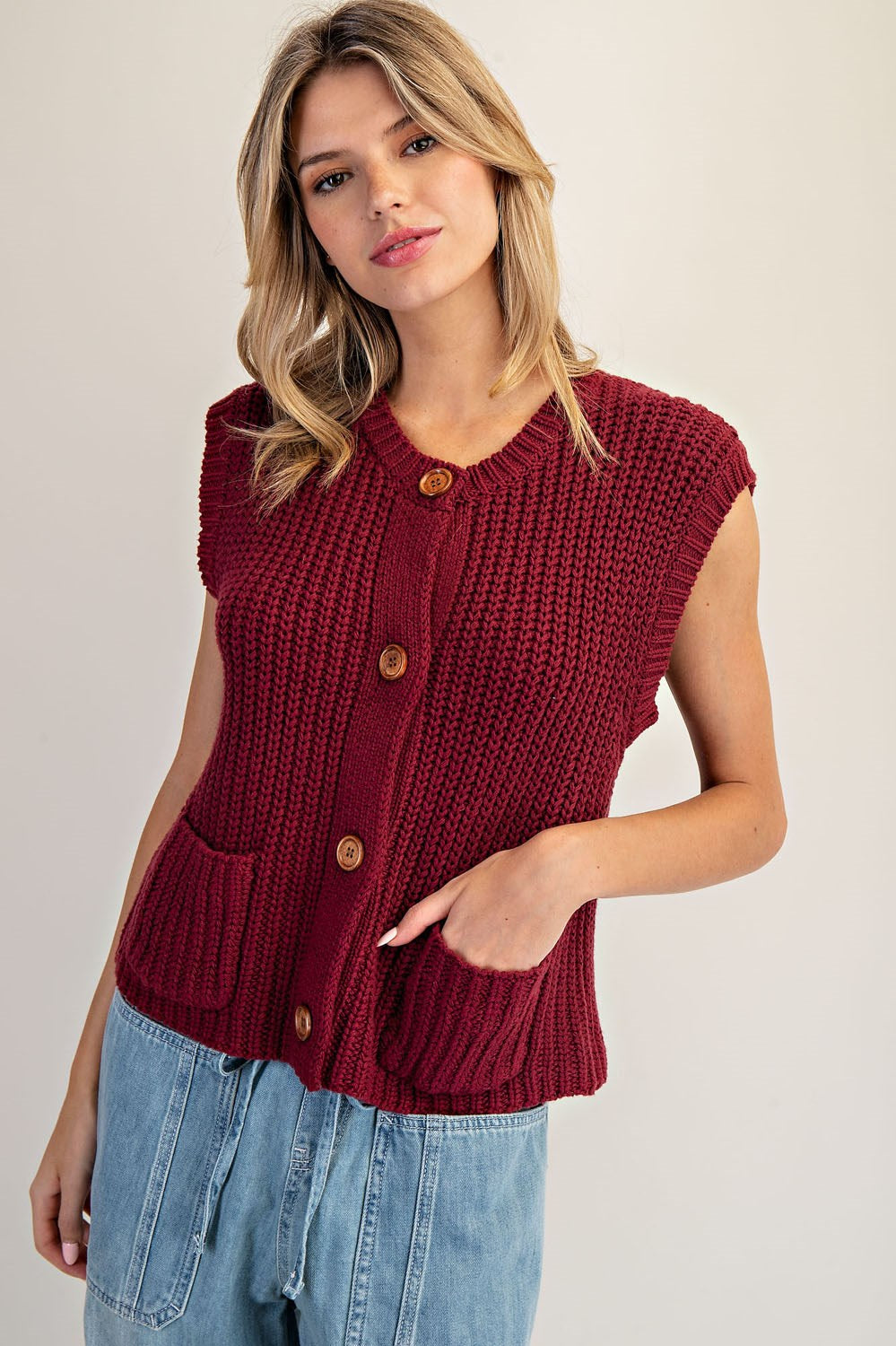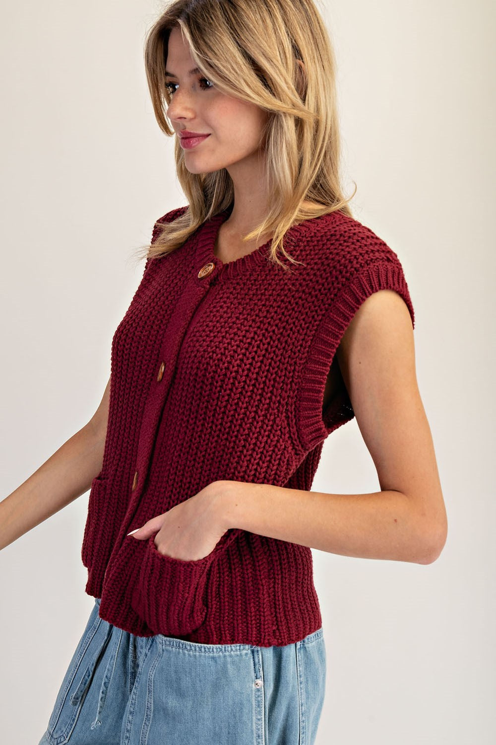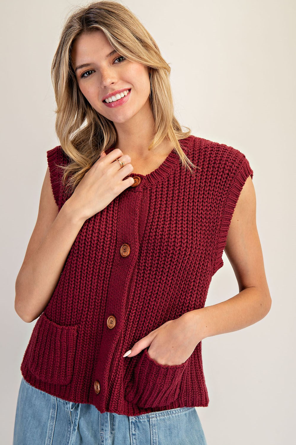 Product Detail: This chunky knit vest features a soft ribbed crew neckline, contrast button front closures, and patch front pockets, with cap sleeves and a textured stitch throughout for a cozy yet structured feel.
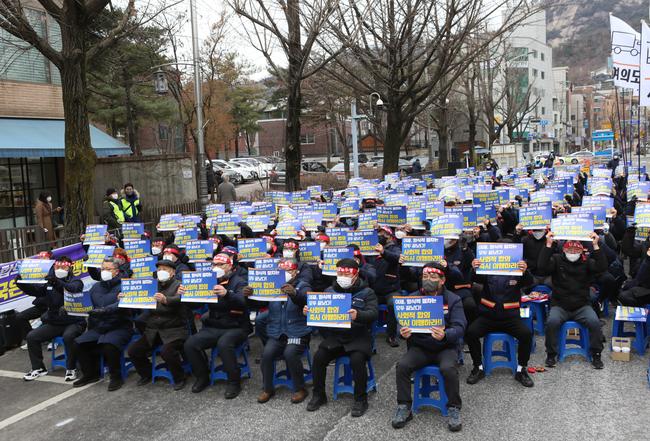 전국택배노동조합 우체국 투쟁본부는 17일 오후 서울 종로구 청와대 인근 효자치안센터 앞에서 택배노동자 과로사 방지를 위한 사회적 합의 이행을 촉구하며 `무기한 단식농성 돌입 회견 및 결의대회`를 개최했다. 이날 택배노조 우체국 본부 대표 15인은 무기한 단식농성에 돌입했다.
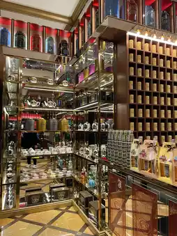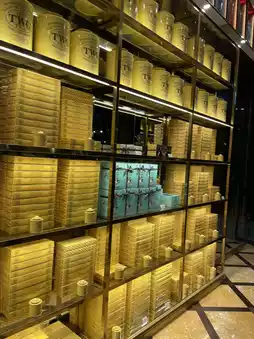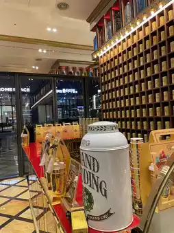 The moment you step inside, the sparkling golden interior and the fragrant aroma of tea will captivate your senses. Hundreds of elegantly displayed tea cans line the walls, and tea wares and desserts are showcased like precious jewels. ✨

• [AIM OF THE EXERCISE]:
Without the pictures, transcribe the listing exactly as it stands.

• [SOLVED PROBLEM]:
 Product Detail: This chunky knit vest features a soft ribbed crew neckline, contrast button front closures, and patch front pockets, with cap sleeves and a textured stitch throughout for a cozy yet structured feel.
 전국택배노동조합 우체국 투쟁본부는 17일 오후 서울 종로구 청와대 인근 효자치안센터 앞에서 택배노동자 과로사 방지를 위한 사회적 합의 이행을 촉구하며 `무기한 단식농성 돌입 회견 및 결의대회`를 개최했다. 이날 택배노조 우체국 본부 대표 15인은 무기한 단식농성에 돌입했다.
 The moment you step inside, the sparkling golden interior and the fragrant aroma of tea will captivate your senses. Hundreds of elegantly displayed tea cans line the walls, and tea wares and desserts are showcased like precious jewels. ✨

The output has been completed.